How is that possible? I don't know, but as I took a moment to stop and marvel at its beauty, I chucked inside and thought, "Isn't that just like God? To grow something beautiful between a rock and a hard place?"
Have you ever noticed this truth? Have you experienced it? The number of times this has been proven true in my walk with the Lord is beyond counting.
I don't like being in the hard places of life. I'm not fond of hardships nor of having a stoney heart. Times when financial pressures weigh heavily tend to overwhelm me. Times when loss hurts beyond expression shatter my heart into a million tiny pieces.
I don't think anyone likes pain. I doubt any of us wake in the morning and cry out, "Dear God, please bring on the suffering."
And yet, I have found that during the darkest moments in my life - the hardest places I have been - somehow in the sovereignty of the Almighty, I have found something beautiful and unusual, like a flower growing in a wall of rock.
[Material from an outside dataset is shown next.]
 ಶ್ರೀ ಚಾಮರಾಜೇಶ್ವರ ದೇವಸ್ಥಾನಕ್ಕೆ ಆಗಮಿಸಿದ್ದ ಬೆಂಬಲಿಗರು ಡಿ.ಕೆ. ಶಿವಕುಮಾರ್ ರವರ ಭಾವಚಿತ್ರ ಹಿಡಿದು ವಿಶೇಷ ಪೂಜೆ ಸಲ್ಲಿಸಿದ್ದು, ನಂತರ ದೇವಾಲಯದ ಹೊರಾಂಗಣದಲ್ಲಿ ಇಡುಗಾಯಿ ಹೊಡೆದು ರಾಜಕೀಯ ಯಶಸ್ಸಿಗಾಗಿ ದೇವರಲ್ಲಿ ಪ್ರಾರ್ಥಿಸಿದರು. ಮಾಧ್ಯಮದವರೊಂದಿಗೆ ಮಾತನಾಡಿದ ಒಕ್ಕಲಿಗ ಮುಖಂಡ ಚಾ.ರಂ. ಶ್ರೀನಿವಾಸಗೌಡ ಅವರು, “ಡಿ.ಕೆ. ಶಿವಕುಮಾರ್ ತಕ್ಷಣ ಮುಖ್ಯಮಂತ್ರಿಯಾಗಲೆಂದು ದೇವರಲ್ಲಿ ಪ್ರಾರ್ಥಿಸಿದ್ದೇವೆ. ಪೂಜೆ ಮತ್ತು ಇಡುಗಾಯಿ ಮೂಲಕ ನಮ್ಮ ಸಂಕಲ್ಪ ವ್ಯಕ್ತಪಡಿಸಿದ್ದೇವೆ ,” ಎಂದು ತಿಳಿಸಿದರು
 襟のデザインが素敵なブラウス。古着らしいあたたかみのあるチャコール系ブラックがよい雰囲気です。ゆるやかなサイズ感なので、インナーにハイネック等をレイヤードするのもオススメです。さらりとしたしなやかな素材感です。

I'm not sure I can name it with words, but it is the beauty of a deeper trust in my Saviour. It is the comfort of a friend who throws His arms around me and lets me cry on His shoulder...tears that burn and sobs of anguish, anger, guilt, blame, and everything that comes with real pain.
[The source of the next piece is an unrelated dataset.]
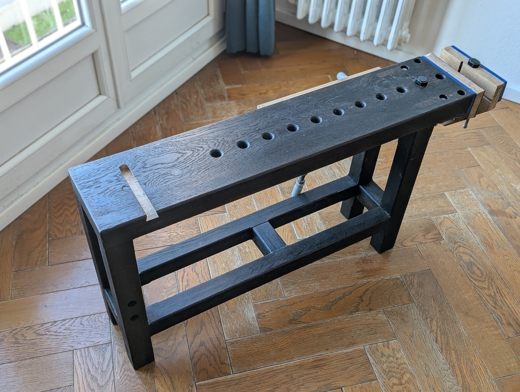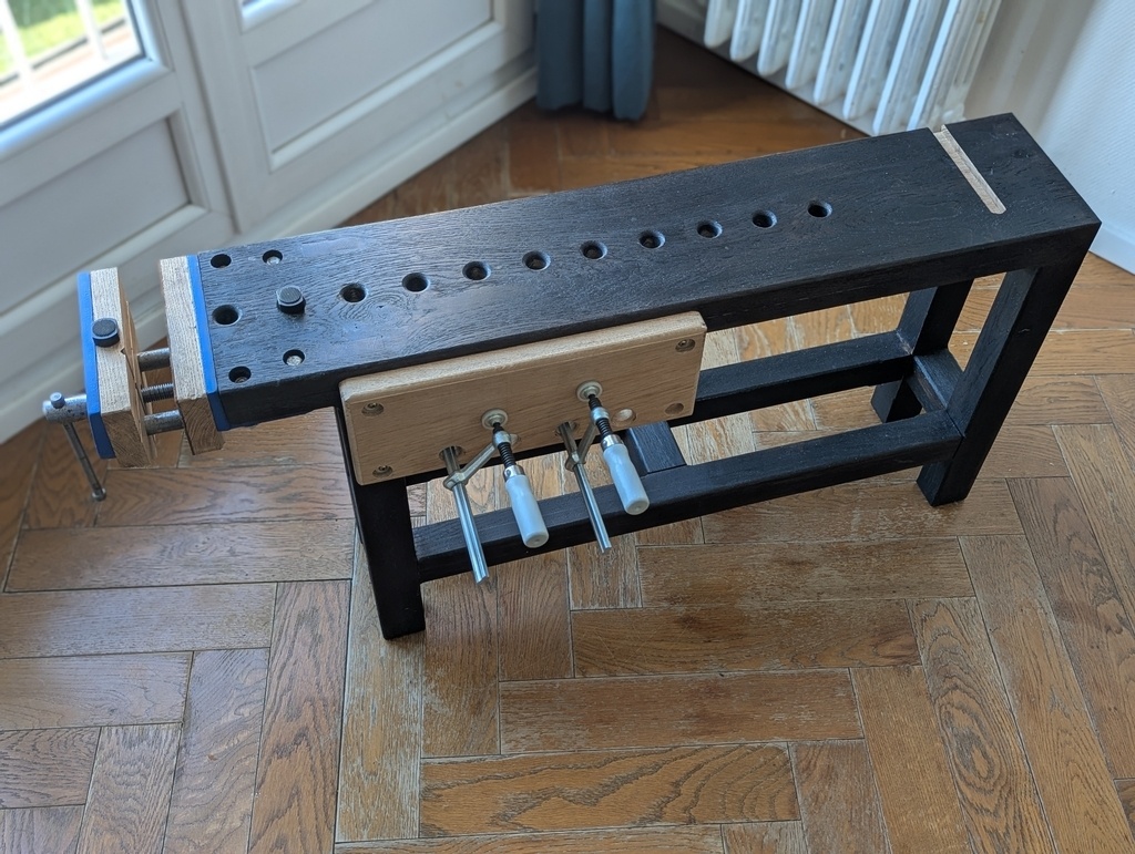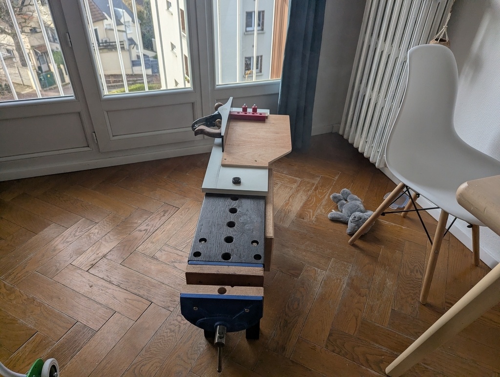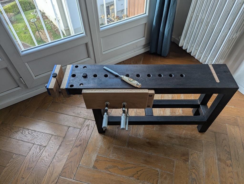 Petit établi d’appartement (100x20x51), né d’un manque cruel de copeaux et d’odeur de chêne en région parisienne.

And this friend just listens and loves. And even more, He understands and waits to heal my broken heart. He just wants my honesty, not my religious duty. He sees all my human ugliness and just seems to say, "I know, you're going to be OK. I will bring you through this. I will carry you." And all along He knows that He is going to take all of this awfulness and birth something beautiful. He thinks, "Just hang in there, watch and see. I can't wait to show you. You can trust Me."
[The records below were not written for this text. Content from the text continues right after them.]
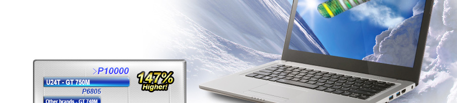 Experience a powerful performance like no other. The U24T comes equipped with the latest NVIDIA® GeForce® GT 750M 2GB GPU that breaks the limitations of Ultrabook™ graphics performance. The unrivaled power of GT 750M 2GB GPU with its impressive score of P10,000 on 3DMark Vantage is capable of delivering an incredible gaming and multimedia processing experience.
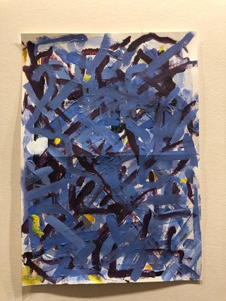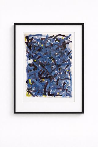 Una pieza de arte original con un estilo de expresionismo abstracto. Pertenece a la serie "Mareas internas" - Pintura acrilico sobre papel bambú - Predominan los tonos azules y multicolor.El cuadro presenta una composición densa de trazos entrelazados que crean una sensación de movimiento y energía cruda. Estéticamente, guarda similitudes con Joan Mitchell -Enmarcada en 50x70. Forma parte de una serie llamada "Mareas internas" Obra propia
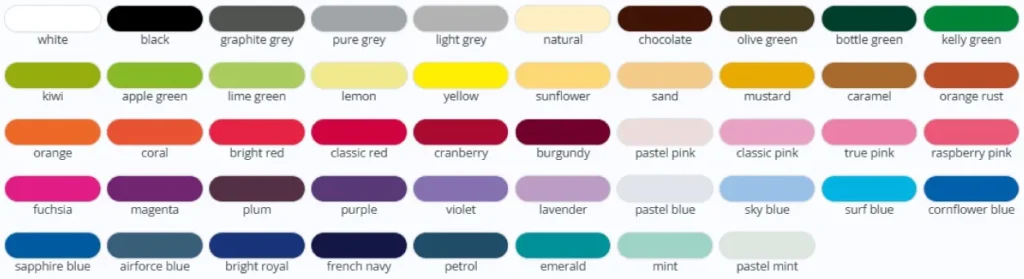 Zobrazit barvy a tabulku velikostí
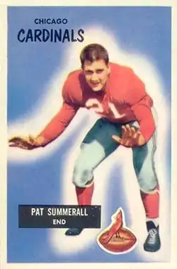 Summerall spent ten years as a professional football player in the National Football League, primarily as a placekicker. The Detroit Lions drafted Summerall as a fourth-round draft choice in the 1952 NFL draft.[6] Summerall played the pre-season with the Lions before breaking his arm, which ended the year for him.[7] After that season, he was traded and went on to play for the Chicago Cardinals from 1953 to 1957 and the New York Giants from 1958 to 1961, during which he was a part of The Greatest Game Ever Played. His best professional year statistically was 1959, when Summerall scored 90 points on 30-for-30 (100%) extra-point kicking and 20-for-29 (69%) field goal kicking.

I am reminded of Peter in Matthew 16.
Jesus said that flesh and blood did not reveal this to you, but my Father who is in heaven. Then He says upon this rock, I will build my church and the gates of hell shall not prevail against it. The "rock" was not Peter himself. The rock was the revelation that Peter had of who Jesus really was. When we truly get a revelation of who He really is, no power of hell will be able to overcome us, no matter how difficult a situation we face.
For me, and I'd say it's true for most, if not all believers, the greatest revelations of who Jesus really is does not generally come in the green, grassy meadows where it is tranquil and the provision is lush (though it can sometimes.) Nor does it often come on the mountaintop where we are on top of the world (though it may.) I humbly suggest from my own experience, that most often, my greatest revelations of who God is have come in the moments where life was its hardest and its darkest. The big revelations of who Jesus is have come when my back was against the wall and there was nowhere else to go and no one else to turn to except Jesus.
And in those moments, He holds us, and He loves us. He accepts us where we are, no matter what we've done or not done. No matter how far we have fallen away. He is there, and He cares.
In Matthew 7, Jesus said that the wise man should build His house upon the rock.
To me, this means building on those revelations of who He is, those truths revealed to me during the hard times. Those are the truths that no rain can wash away, no flood can overcome, and no wind can ever blow away. They are steadfast and immovable. I will not build on shifting sands or things I think I know, or things I've just heard from others. I will build upon the revelations that I have learned between the rock and the hard places in my life...the loss of loved ones, miscarriages, bankruptcy, failures, sicknesses, family struggles, the list of opportunities for God to reveal Himself are too many to name.
Don't misunderstand, God can and does reveal Himself in the good times. I do think, however, that there is something tried, tested, and true...something deep and profound, that only comes in the heat of the fire, only in the hardest of moments.
This I know for sure, in every difficult place we find ourselves, if we allow Him, God is going to give us something beautiful. Not an easy fix, nor money to relieve our debt, or a miraculous healing (though He sometimes does this and it's wonderful!) What He ALWAYS desires is to give us is the revelation of Himself, of who He really is to us, even during the most difficult moments of our lives. This is the rock He wants us to build our house on. Somethings steadfast and immovable. Something beautiful and unique that defies the sensible and natural way of the world.
I pray that you and I will have the courage and patience to trust and learn in the hard places of life. May we allow God to make beauty from ashes. May we allow Him to reveal Himself and His beauty in unexpected ways, even in the rockiest of places.